Paris (AFP)

Filter fine particles from urban pollution, pollen, dust or droplets of Covid suspended in a classroom or living room?

Air purifiers are the back-to-school attraction, but communities and consumers are having a hard time making their choice.

Catalysis, pulsed plasma, ozonation, electro-static filter, ionization, when it is not UV or activated carbon: faced with a jungle of techniques to filter the ambient air, no official quality label guarantees efficiency and safety of these devices.

The choice is most often dictated "by the marketing power", deplores Etienne de Vanssay, president of the Interprofessional Federation of Atmospheric Environment Trades (FIMEA).

"In Shanghai, China, almost everyone has an air purifier - or purifier - at home, in Europe we start from zero, but the market is developing and gaining momentum all over the world," he says. to AFP.

By 2030, the French air purifier market, between 80 and 100 million euros in 2020, could increase to 500 million euros, estimates FIMEA.
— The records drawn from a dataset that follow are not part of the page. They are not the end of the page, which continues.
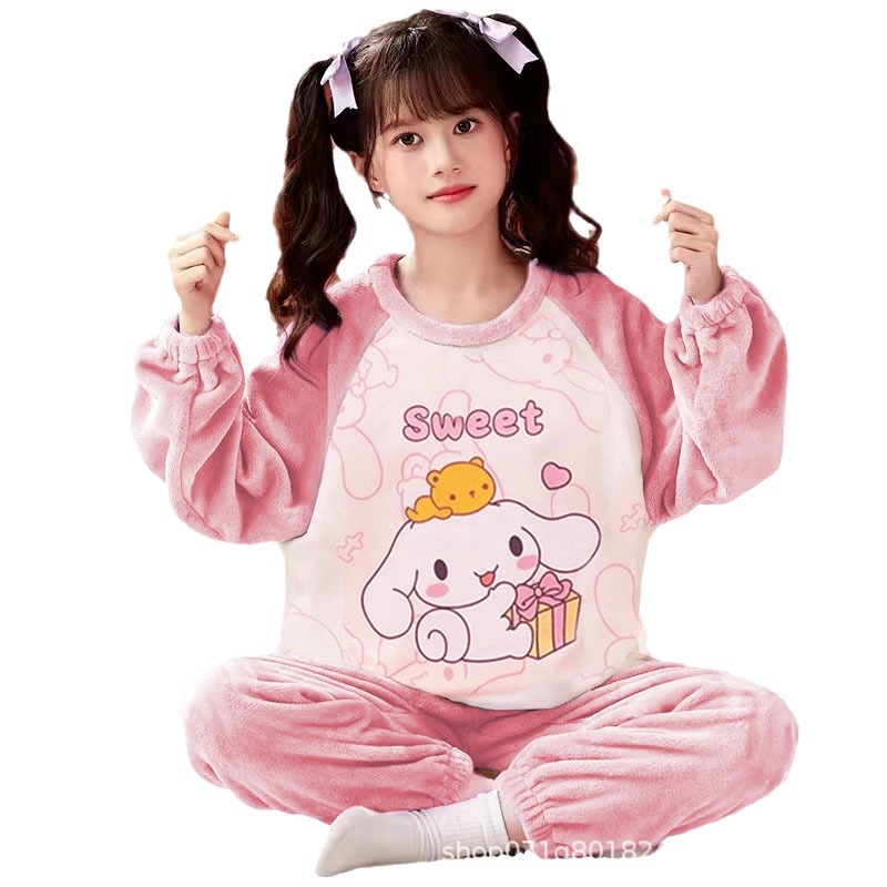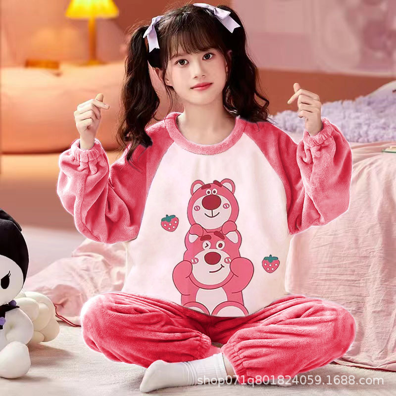 Flannel Pajamas Girls Autumn and Winter Children's Girls fleece-lined Baby New Style Girls Big Children's Home Clothes suit
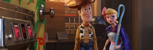 So begegnet Cowboypuppe Woody im Laufe des Films seiner alten Flamme wieder, der Lampenverzierung Porzellinchen. Die Gespräche zwischen ihnen sind flott geschrieben, voller kleiner verbaler Spitzen und mit einem schwer zu widerstehendem Charme – die Dialoge vermitteln glaubwürdig das Gefühl, dass zwei alte Bekannte nach langer Trennung vom Ton her prompt da wieder ansetzen, wo sie einst aufgehört haben, jedoch mit Witz und Neugier abklopfen, was sich in der Zwischenzeit getan hat. Mangels eigener Erfahrungen dürfte das Kinderpublikum dies so nehmen wie es ist. Für Ältere weckt der raffiniert geschriebene Rapport zwischen Woody und Porzellinchen diverse Assoziationen. Die wohl deutlichste: Sie klingen wie ein Ex-Pärchen. Und während Woody sich seit der Trennung durch weitere Familienkonstellationen geschlagen hat (er sah Andy erwachsen werden und ist nun für Bonnie da, die ihm aber rasch entgleitet), fing Porzellinchen ein lockeres Singleleben an, ohne feste Bindungen.
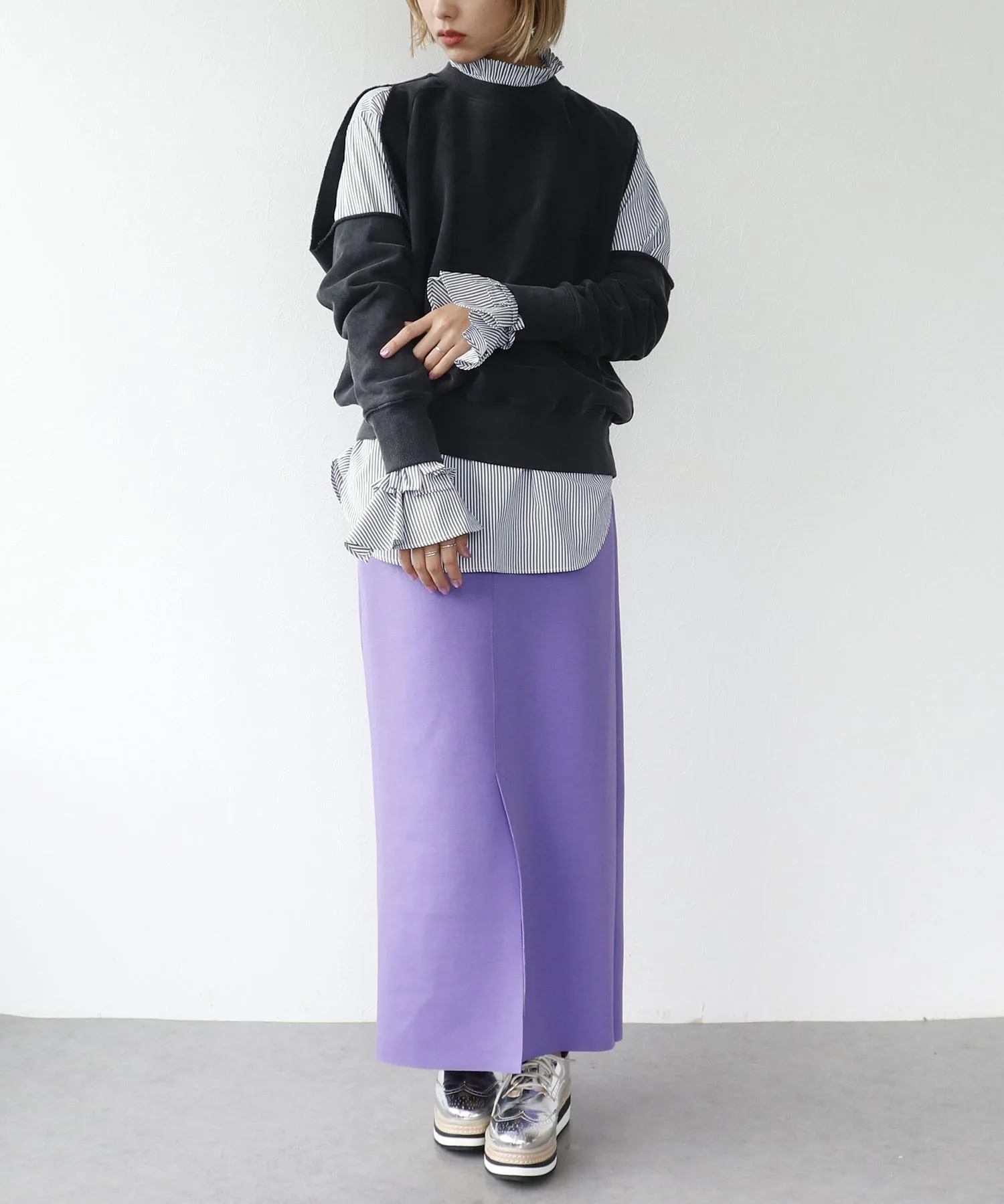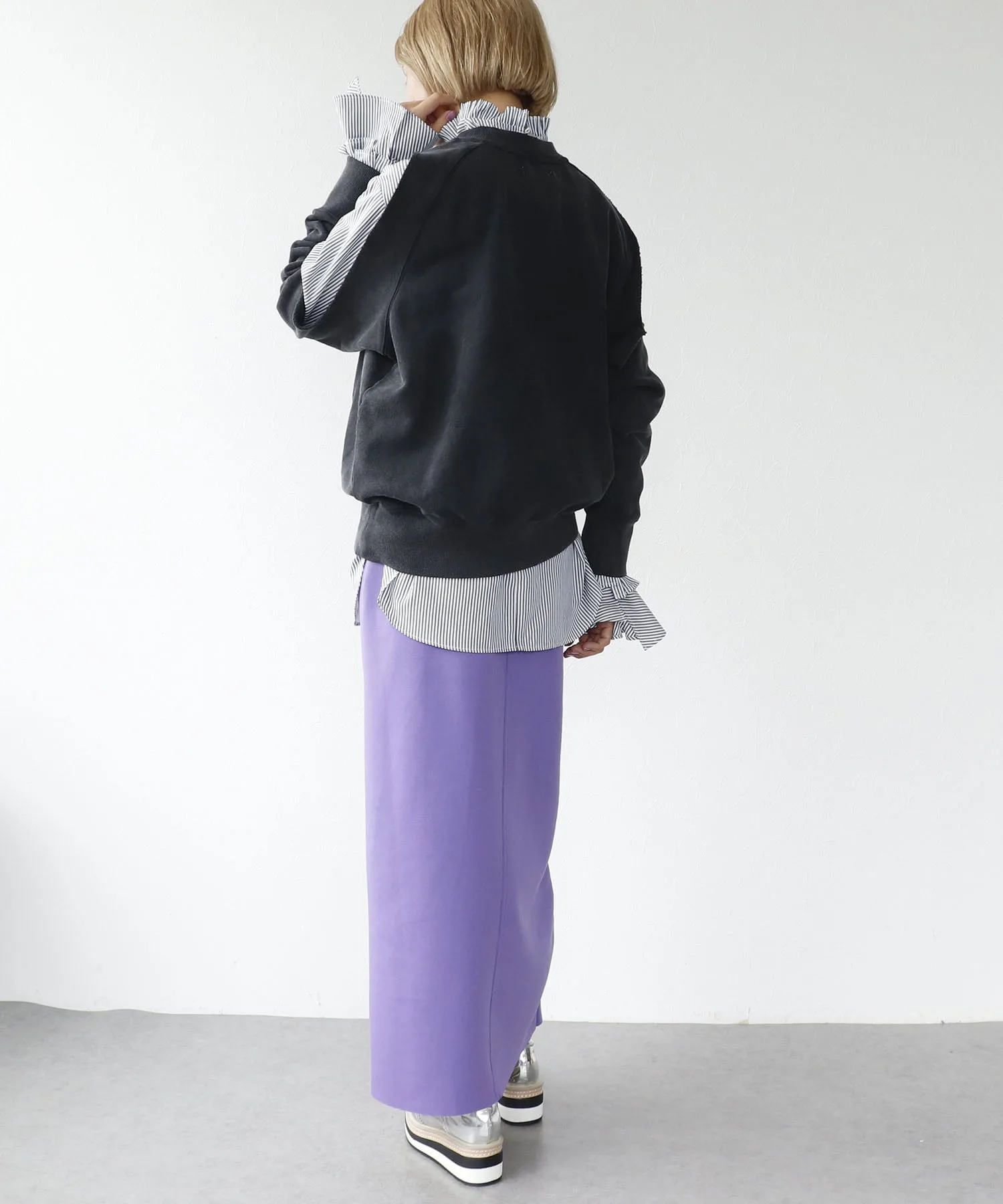 ※В зависимости от изделия, складки могут образовываться легче, а заломы от складывания или сгибания могут быть более заметными. Пожалуйста, проверьте информацию о качестве на этикетке изделия перед стиркой или глажкой. Рост модели: 163 см, размер 38
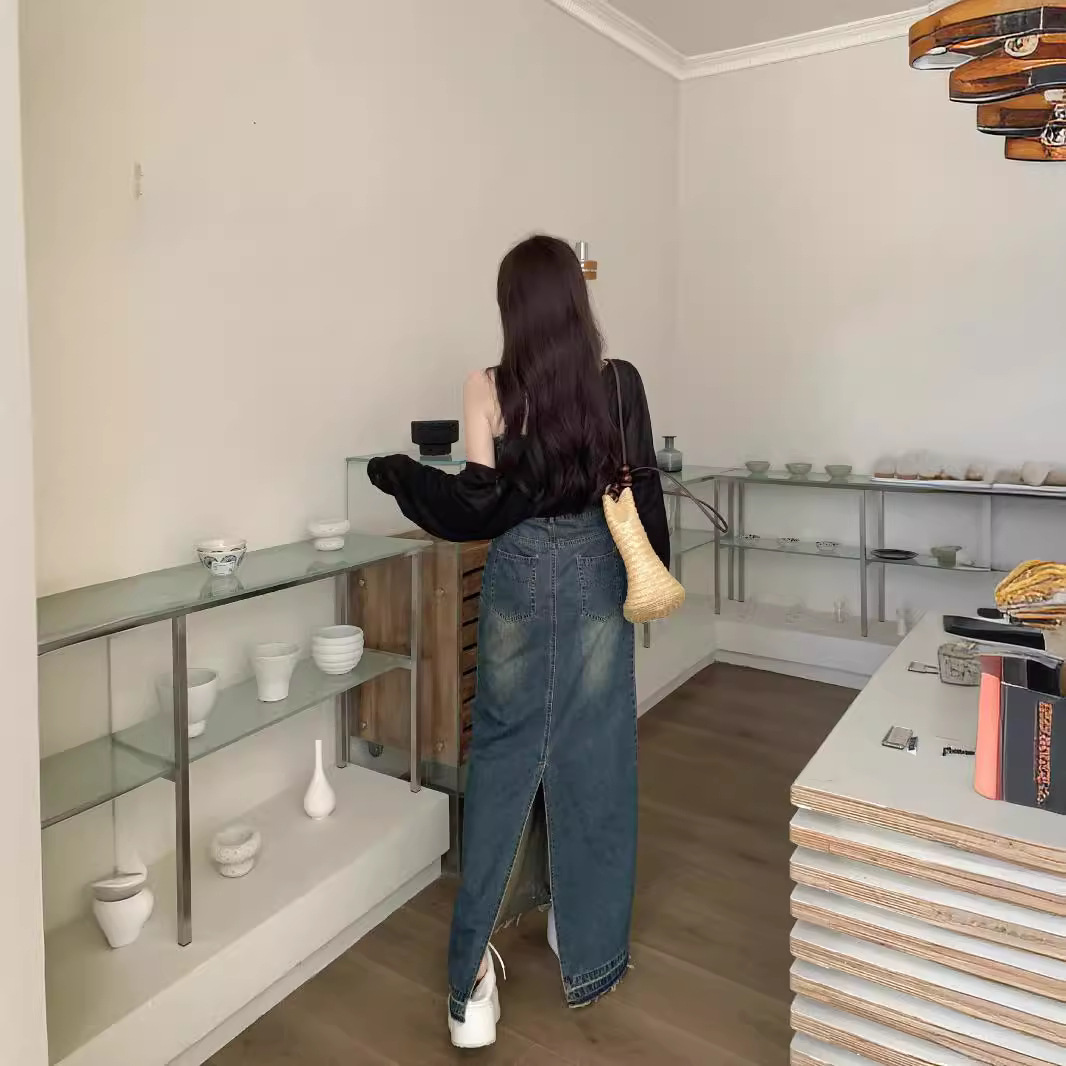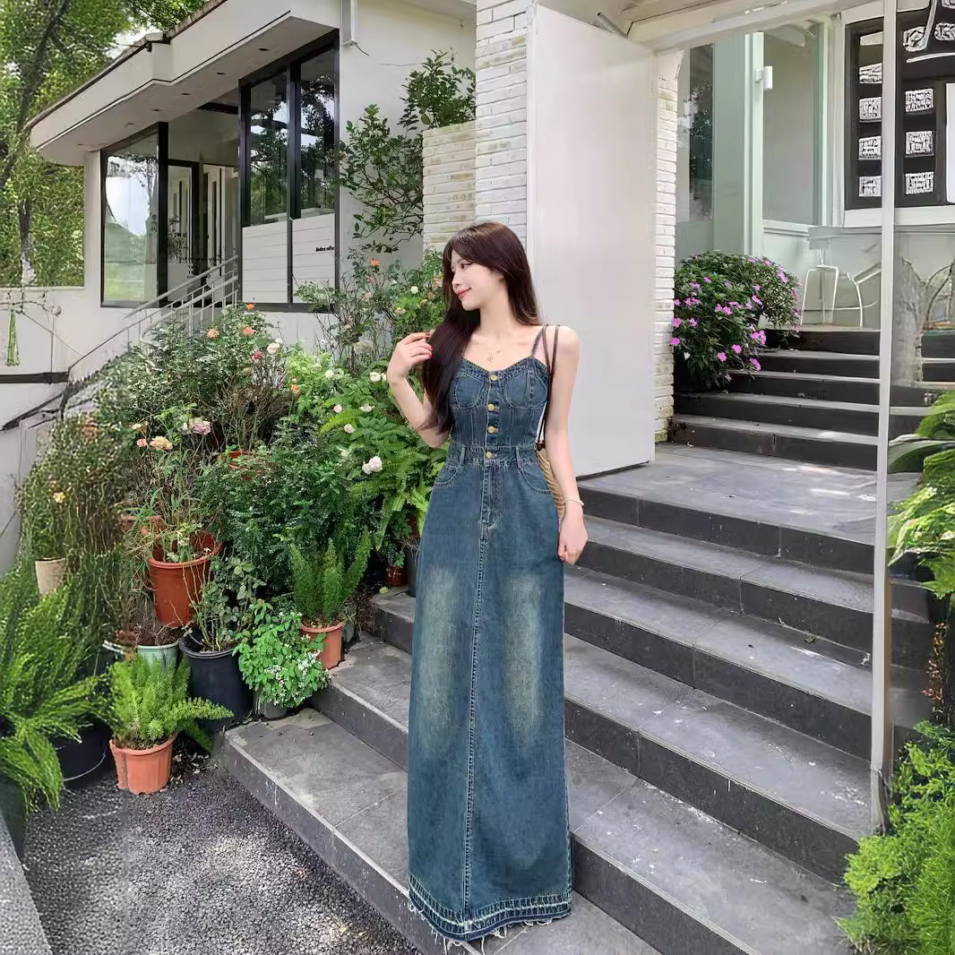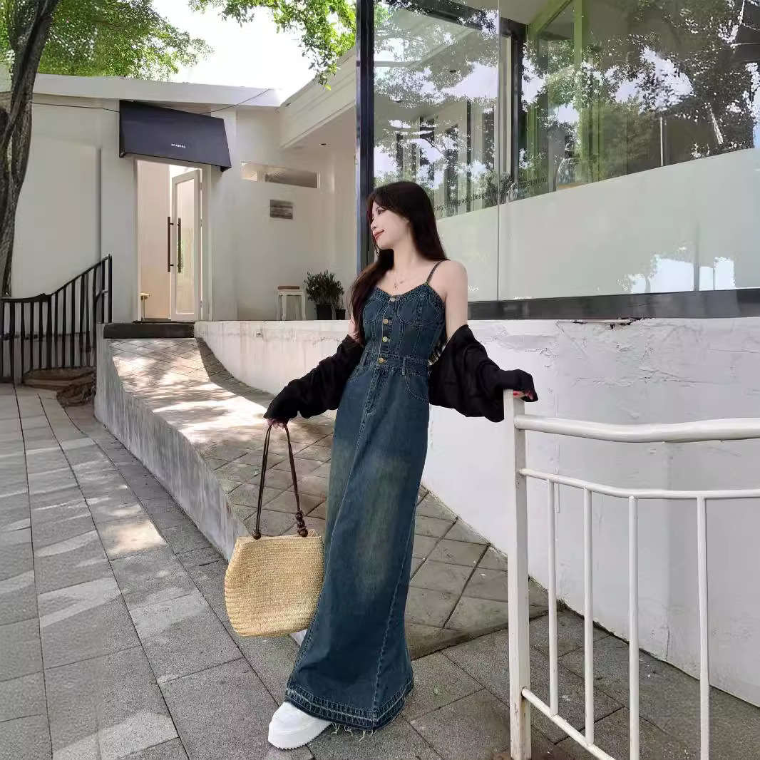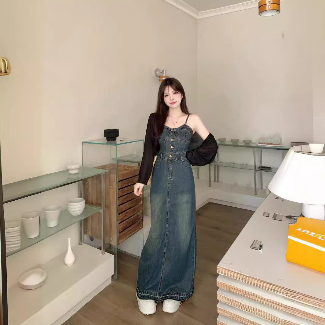 | nameOriginal | plus size Retro Denim Skirt suit Women 2024 Summer New Korean Style Shawl Retro Sling dress Two-piece Set |

- "Huge" market, not too many standards -

At European level, sales, estimated at 500 million euros last year, should quadruple within ten years, while they would double on the planet, to 50 billion euros by 2030, adds the federation. .

A hospital in Barcelona equipped with an air purifier, May 14, 2020 LLUIS GENE AFP / Archives

The pandemic has played a revealing role for the need for air filtering: aerosols, invisible clouds of particles that we emit when speaking or breathing, are considered "the main route of transmission of Covid-19", recalls to AFP the epidemiologist Antoine Flahault, director of the Institute of Global Health at the University of Geneva.

After having slowed down for a long time, the Ministry of National Education recommends for this re-entry a "generalization" of carbon dioxide (CO2) sensors in the classes to measure the concentration of CO2 in the air and judge the need for ventilation.

For Mr. Flahault, air purifiers should be added "if the windows cannot open".

However, until the spring, the government slowed down on the equipment of communities by referring only to a negative opinion from ANSES dating from 2017.

Some technologies such as photocatalysis were then criticized for emitting titanium dioxide nanoparticles, or even for "sending back the virus".

The tone changed after the publication of an opinion from the National Research and Safety Institute (INRS), followed by another from the High Council of Public Health (HCSP) in April.

The two now believe that only purifiers equipped with a High Efficiency Air Particle (HEPA) filter are worthy of interest.

But the association for the prevention of atmospheric pollution (APPA) continues to put the brakes on mobile devices, accessible to the general public as well as to communities.

- Nothing replaces ventilation -

For the APPA, Dr Fabien Squinazi led a scientific report published in June recommending natural "aeration and ventilation" as "key principles" to ensure optimal air quality.

In short: open the windows for ten minutes every hour to bring in fresh outside air.

The association also points to the noise made by this equipment, which could interfere with the work of a class.

It remains to solve the problem of rooms not ventilated, or asthmatic students.

To get out of the imbroglio, the deputy Matthieu Orphelin called at the end of August for the establishment of an "action committee for an air quality strategy - Covid in schools" associating all the actors concerned (teachers, parents , directors, doctors, air quality experts, community representatives, etc.).

HEPA filter system at an airport in Indonesia, June 26, 2020 ADEK BERRY AFP / Archives

Some regions such as Auvergne-Rhône-Alpes and Ile-de-France have taken the lead in ordering purifiers with HEPA filters for their high schools.

On the industrial side, a reflection is underway to develop a "quality label".

About ten French FIMEA companies "are in the process of finalizing the experiments, we are awaiting the first results before the end of 2021" in order to inform consumers' choice "through technical and scientific information", indicates Mr. de Vanssay, who wishes to promote the concept of "potable air" (breathable): "Reprocessed air is more economical" according to him "than fresh air", the latter sometimes being "neither clean nor drinkable", especially near major traffic lanes.